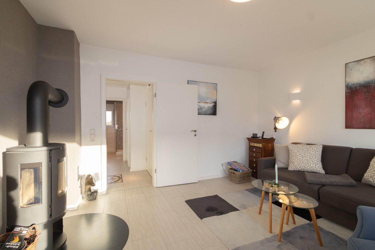Gemütlich und mit viel Liebe zum Detail ist diese 2-Raum-Ferienwohnung eingerichtet. Sie verfügen über einen Wohnraum mit Balkon und Terrasse zum Süden, ein seperates Schlafzimmer, eine Küche mit Essbereich, die vollständig und komplett eingerichtet ist, und ein Duschbad. Für die 3. Person (bis 12 Jahre) steht im Wohnraum eine bequeme Schlafcouch zur Verfügung. Über den Balkon vom Wohnzimmer aus kommen Sie auf die mit Gartenmöbeln ausgestattete Terrasse, auf der Sie den ganzen Tag die Sonne geniessen können. Der Kaminofen ist neu und kann benutzt werden, wobei das Kaminholz sich selbst besorgt werden muss. Es handelt sich um eine Nichtraucher-Wohnung. Wer rauchen möchte kann gern den Balkon benutzen.
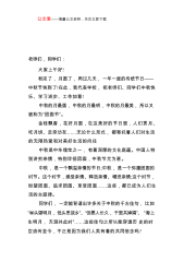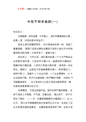 公文堂——海量公文资料,关注立即下载中秋节领导致辞(六)同志们:值此中秋佳期节来临之际,我代表厂党政班子向你们,并通过你们向全厂员工及家属致以节日的问候!对大家在工作中所付出的艰辛努力表示诚挚的谢意,感谢你们对班子的理解和支持。回顾年初到现在的短短8个月,在全厂员工的共同努力下,我厂各项工作都有了较长足的进步,厂党政班子感到非常满意。从理念文化贯彻上讲,“****管理”理念已经深入人心,管理人员对“十大工作理念”的核心和内涵已较深入理解,班子成员的“四种意识”已经基本确立,员工的综合素质大大提高,全厂从上到下形成了一种主动加压、昂然向上的士气。从经营管理上讲,本着开源节流,增强长远创效能力的原...
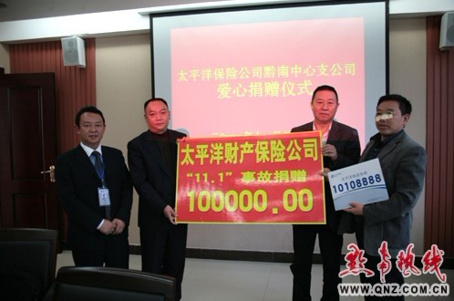 太平洋保險(xiǎn)公司黔南中心支公司愛(ài)心捐贈(zèng)10萬(wàn)元
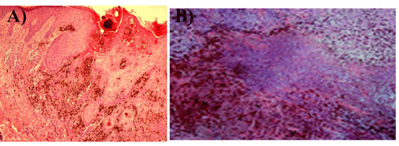 | Figure 2: The histopathology of the primary site of the cutaneous melanoma of patient # 8: (A) Prior to intralesional biotherapy from the biopsy site, and (B) One week after intralesional therapy from the resected tissue of the same patient. Note the massive tumor necrosis and the abundant pigmented histiocytes. (H&E X400). |
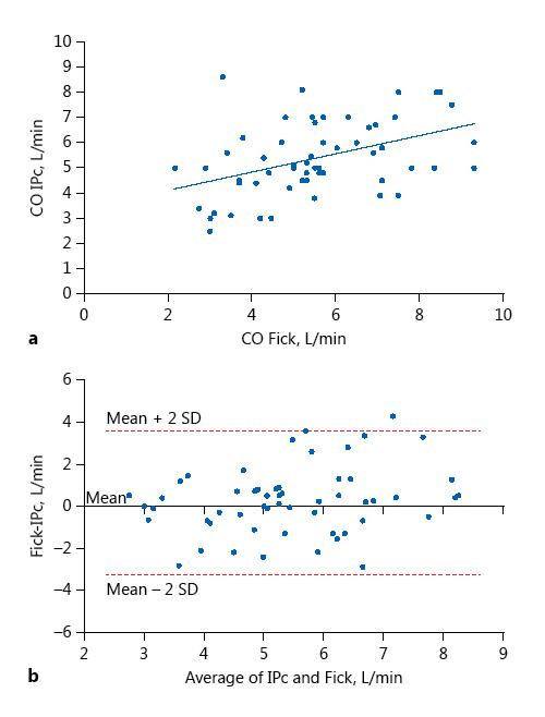 The mean CO measurements using IPc and the Fick method were 5.5 ± 1.7 and 5.7 ± 1.9 L/min, respectively. There was no difference between CO measurements using IPc and those using the direct Fick method (p = 0.524).

* **WORK TASK**
An exact copy of every record above is required, with all pictures omitted.

* **SOLUTION FOR THIS PROBLEM**
Gemütlich und mit viel Liebe zum Detail ist diese 2-Raum-Ferienwohnung eingerichtet. Sie verfügen über einen Wohnraum mit Balkon und Terrasse zum Süden, ein seperates Schlafzimmer, eine Küche mit Essbereich, die vollständig und komplett eingerichtet ist, und ein Duschbad. Für die 3. Person (bis 12 Jahre) steht im Wohnraum eine bequeme Schlafcouch zur Verfügung. Über den Balkon vom Wohnzimmer aus kommen Sie auf die mit Gartenmöbeln ausgestattete Terrasse, auf der Sie den ganzen Tag die Sonne geniessen können. Der Kaminofen ist neu und kann benutzt werden, wobei das Kaminholz sich selbst besorgt werden muss. Es handelt sich um eine Nichtraucher-Wohnung. Wer rauchen möchte kann gern den Balkon benutzen.
 公文堂——海量公文资料,关注立即下载中秋节领导致辞(六)同志们:值此中秋佳期节来临之际,我代表厂党政班子向你们,并通过你们向全厂员工及家属致以节日的问候!对大家在工作中所付出的艰辛努力表示诚挚的谢意,感谢你们对班子的理解和支持。回顾年初到现在的短短8个月,在全厂员工的共同努力下,我厂各项工作都有了较长足的进步,厂党政班子感到非常满意。从理念文化贯彻上讲,“****管理”理念已经深入人心,管理人员对“十大工作理念”的核心和内涵已较深入理解,班子成员的“四种意识”已经基本确立,员工的综合素质大大提高,全厂从上到下形成了一种主动加压、昂然向上的士气。从经营管理上讲,本着开源节流,增强长远创效能力的原...
 太平洋保險(xiǎn)公司黔南中心支公司愛(ài)心捐贈(zèng)10萬(wàn)元
 | Figure 2: The histopathology of the primary site of the cutaneous melanoma of patient # 8: (A) Prior to intralesional biotherapy from the biopsy site, and (B) One week after intralesional therapy from the resected tissue of the same patient. Note the massive tumor necrosis and the abundant pigmented histiocytes. (H&E X400). |
 The mean CO measurements using IPc and the Fick method were 5.5 ± 1.7 and 5.7 ± 1.9 L/min, respectively. There was no difference between CO measurements using IPc and those using the direct Fick method (p = 0.524).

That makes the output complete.